** Records to process follows **

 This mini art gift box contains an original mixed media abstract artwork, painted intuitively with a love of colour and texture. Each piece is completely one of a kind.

** End of Records to process **
** Records to process follows **

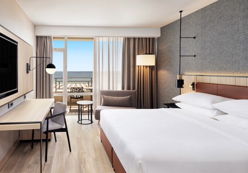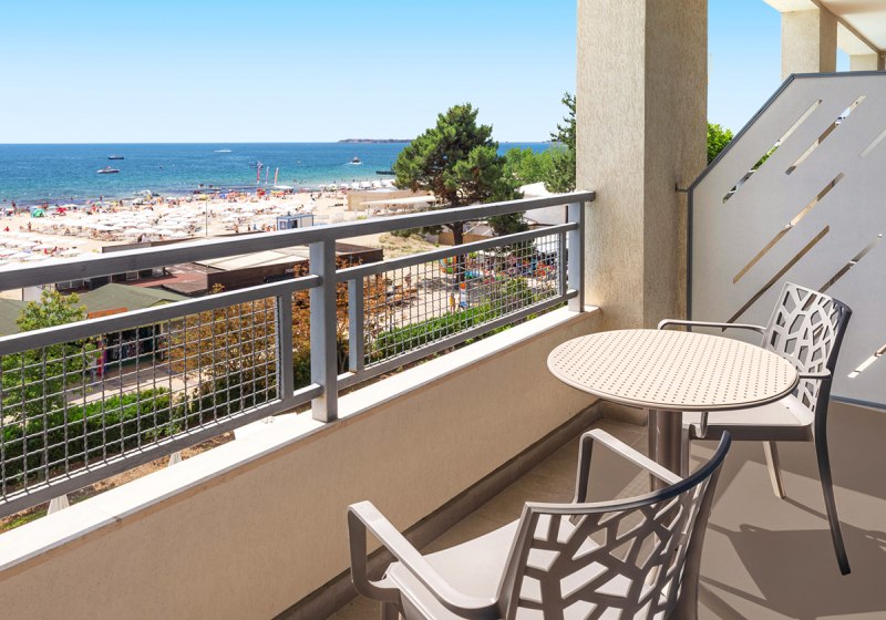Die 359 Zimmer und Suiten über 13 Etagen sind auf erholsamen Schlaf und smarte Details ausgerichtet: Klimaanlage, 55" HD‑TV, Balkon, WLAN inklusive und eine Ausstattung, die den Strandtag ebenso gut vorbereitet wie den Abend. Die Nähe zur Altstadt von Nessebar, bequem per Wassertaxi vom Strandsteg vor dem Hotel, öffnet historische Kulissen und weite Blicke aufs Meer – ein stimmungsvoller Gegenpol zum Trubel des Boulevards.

** End of Records to process **
** Records to process follows **

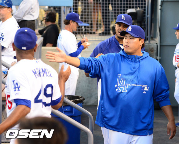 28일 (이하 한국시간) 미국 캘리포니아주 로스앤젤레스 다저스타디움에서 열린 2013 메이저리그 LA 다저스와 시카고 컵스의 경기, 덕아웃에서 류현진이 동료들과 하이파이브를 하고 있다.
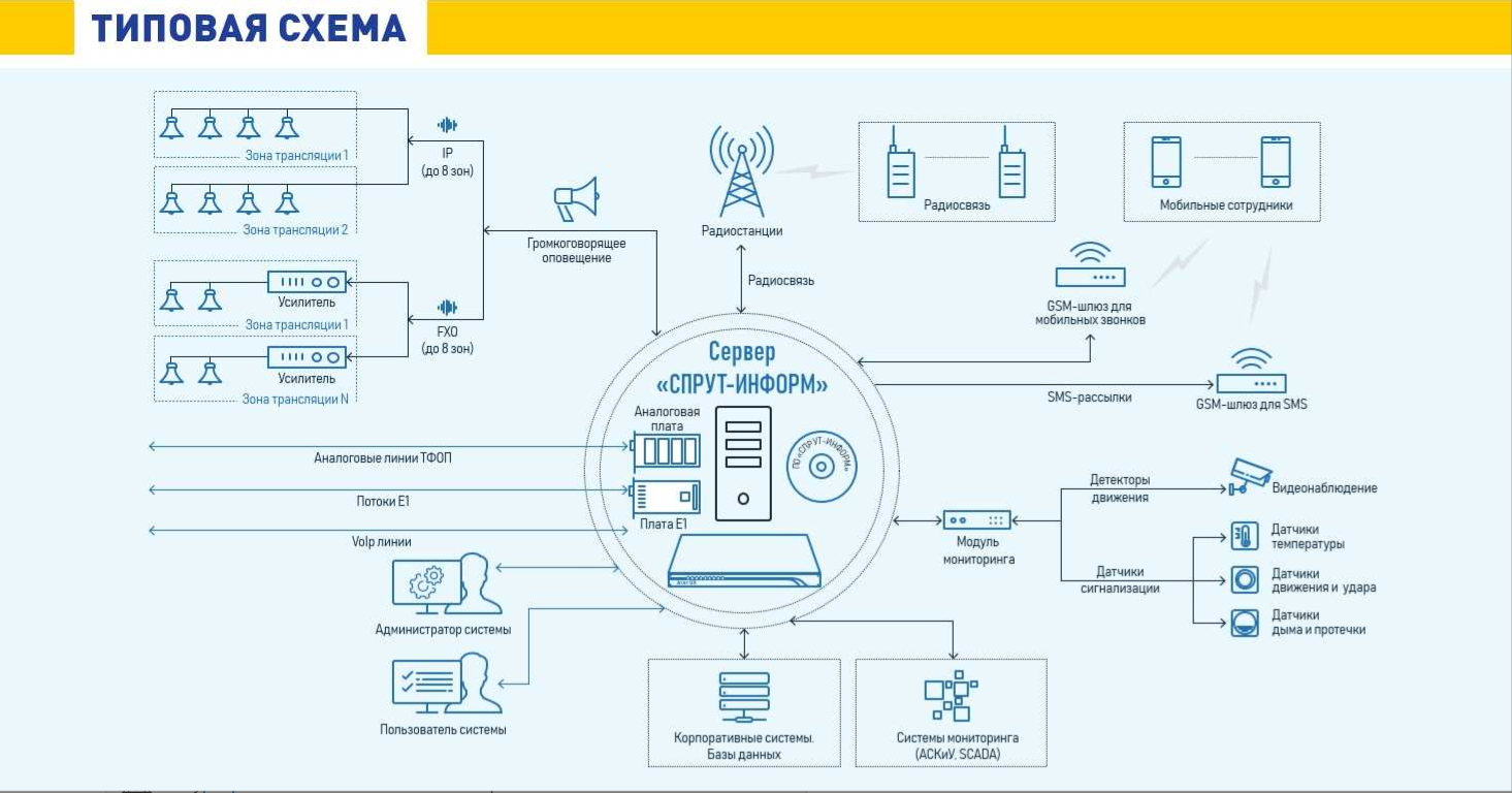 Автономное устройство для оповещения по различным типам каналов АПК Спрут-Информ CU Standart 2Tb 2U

** End of Records to process **

> _What the exercise asks_:
Above are the records; copy from them only the lines starting at the one containing "28일 (이하 한국시간)" and ending at the one containing "Автономное устройство для", exactly and without pictures.

> _Problem solution_:
 28일 (이하 한국시간) 미국 캘리포니아주 로스앤젤레스 다저스타디움에서 열린 2013 메이저리그 LA 다저스와 시카고 컵스의 경기, 덕아웃에서 류현진이 동료들과 하이파이브를 하고 있다.
 Автономное устройство для оповещения по различным типам каналов АПК Спрут-Информ CU Standart 2Tb 2U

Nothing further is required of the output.